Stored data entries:
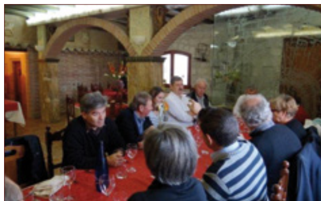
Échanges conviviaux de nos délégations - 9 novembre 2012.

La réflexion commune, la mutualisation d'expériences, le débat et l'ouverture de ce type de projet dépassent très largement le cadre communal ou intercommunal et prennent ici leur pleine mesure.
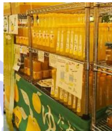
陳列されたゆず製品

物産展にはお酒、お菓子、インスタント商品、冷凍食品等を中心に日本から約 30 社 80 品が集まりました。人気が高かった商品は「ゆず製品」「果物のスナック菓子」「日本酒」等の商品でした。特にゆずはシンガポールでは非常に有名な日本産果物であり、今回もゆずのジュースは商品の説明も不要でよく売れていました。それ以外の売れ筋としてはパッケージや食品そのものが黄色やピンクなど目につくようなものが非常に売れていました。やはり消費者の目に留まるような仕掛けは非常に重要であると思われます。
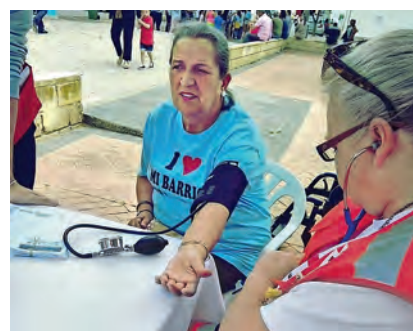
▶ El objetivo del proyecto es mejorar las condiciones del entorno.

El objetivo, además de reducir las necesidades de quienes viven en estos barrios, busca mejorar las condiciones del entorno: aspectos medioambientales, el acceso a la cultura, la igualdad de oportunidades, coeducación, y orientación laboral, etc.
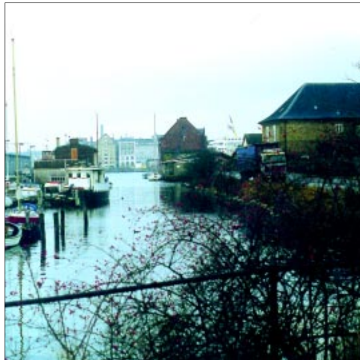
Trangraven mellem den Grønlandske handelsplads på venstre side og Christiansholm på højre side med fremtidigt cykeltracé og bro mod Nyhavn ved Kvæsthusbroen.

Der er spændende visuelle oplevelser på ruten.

### [YOUR INSTRUCTIONS]
State the number of lines in the preceding data that contain the word "condiciones", and nothing besides.

### [OUTPUT OF THE EXERCISE]
2